INSERT INTO timelines (user_id, post_id, author_id, created_at)
SELECT 
    follower_id,
    $post_id,
    $author_id,
    $created_at
FROM follows
WHERE following_id = $author_id;

-- Async worker for large fan-outs
-- Use message queue (RabbitMQ, SQS) for batching

Feed Query (Hybrid)

-- Get user's celebrity followings
WITH celebrities AS (
    SELECT following_id 
    FROM follows f
    JOIN user_stats us ON us.user_id = f.following_id
    WHERE f.follower_id = $user_id 
      AND us.follower_count > 10000
),
-- Get pre-materialized timeline
materialized AS (
    SELECT post_id, author_id, created_at
    FROM timelines
    WHERE user_id = $user_id
      AND created_at > NOW() - INTERVAL '7 days'
    ORDER BY created_at DESC
    LIMIT 100
),
-- Get celebrity posts
celebrity_posts AS (
    SELECT id AS post_id, author_id, created_at
    FROM posts
    WHERE author_id IN (SELECT following_id FROM celebrities)
      AND created_at > NOW() - INTERVAL '7 days'
    ORDER BY created_at DESC
    LIMIT 100
)
-- Merge and return
SELECT p.*
FROM posts p
JOIN (
    SELECT * FROM materialized
    UNION ALL
    SELECT * FROM celebrity_posts
) feed ON feed.post_id = p.id
ORDER BY feed.created_at DESC
LIMIT 20;

Case Study 4: Multi-Tenant SaaS

Requirements

  • Thousands of tenants (companies)
  • Complete data isolation
  • Some tenants are very large (1M+ rows)
  • Compliance requirements (GDPR)
The three multi-tenancy models: (1) Separate databases per tenant — maximum isolation, operational nightmare at scale. (2) Separate schemas per tenant — good isolation, schema migrations become N migrations. (3) Shared tables with row-level security — minimal operational overhead, relies on PostgreSQL RLS for isolation.

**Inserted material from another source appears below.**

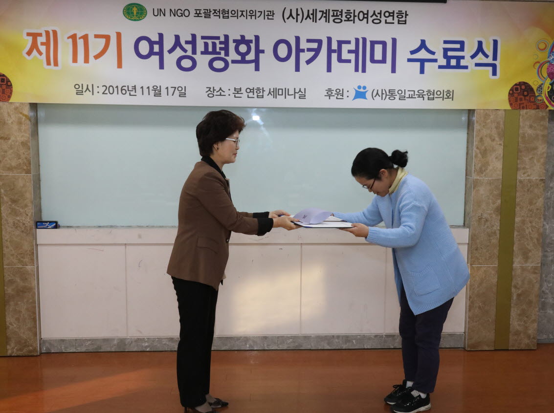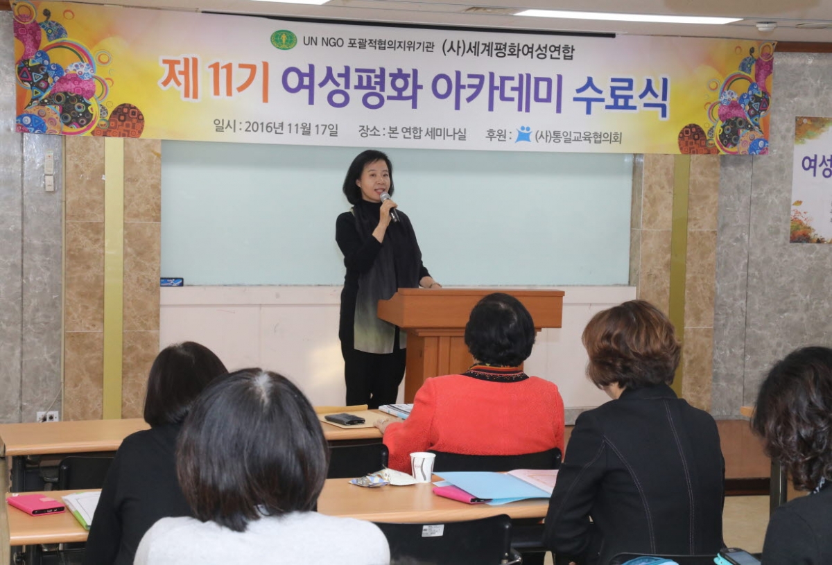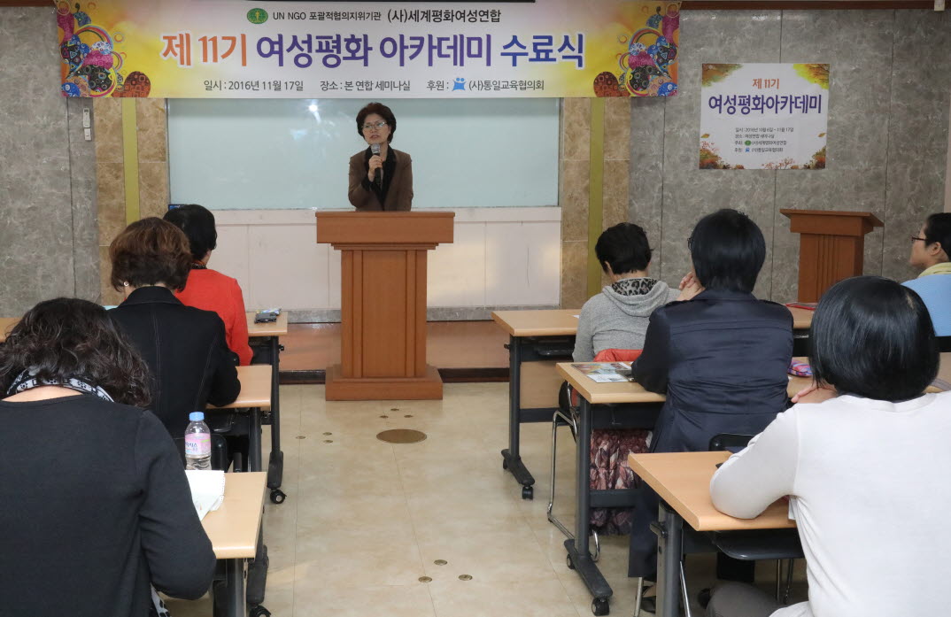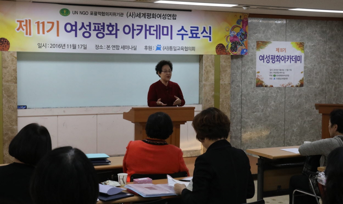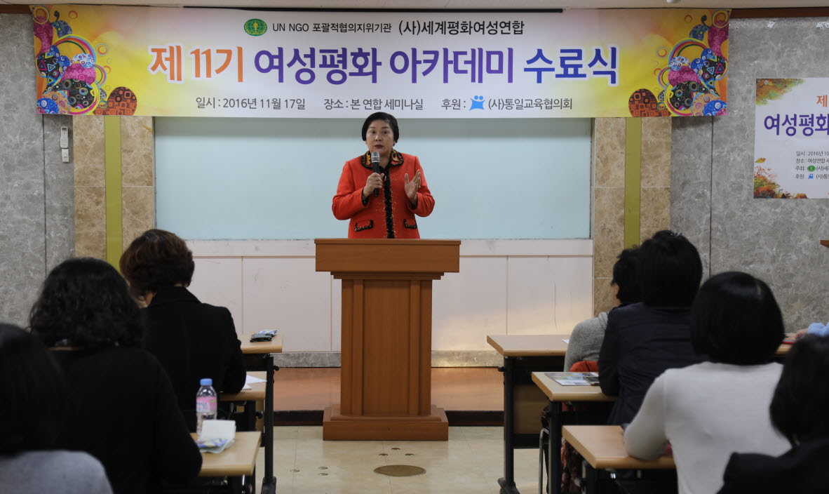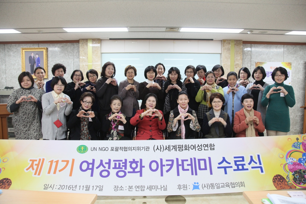 세계평화여성연합은 지난 11월 17일, 마지막 특강으로 과정의 모든 일정을 마무리 하며 수료식을 가졌다.제11기 여성평화아카데미 수료식을 가졌다.

We use model 3 here because it scales to thousands of tenants without multiplying operational complexity. The trade-off: you trust PostgreSQL’s RLS to never leak data. This is a reasonable trust — RLS is enforced at the query planner level, not the application level — but it requires careful testing and policy design.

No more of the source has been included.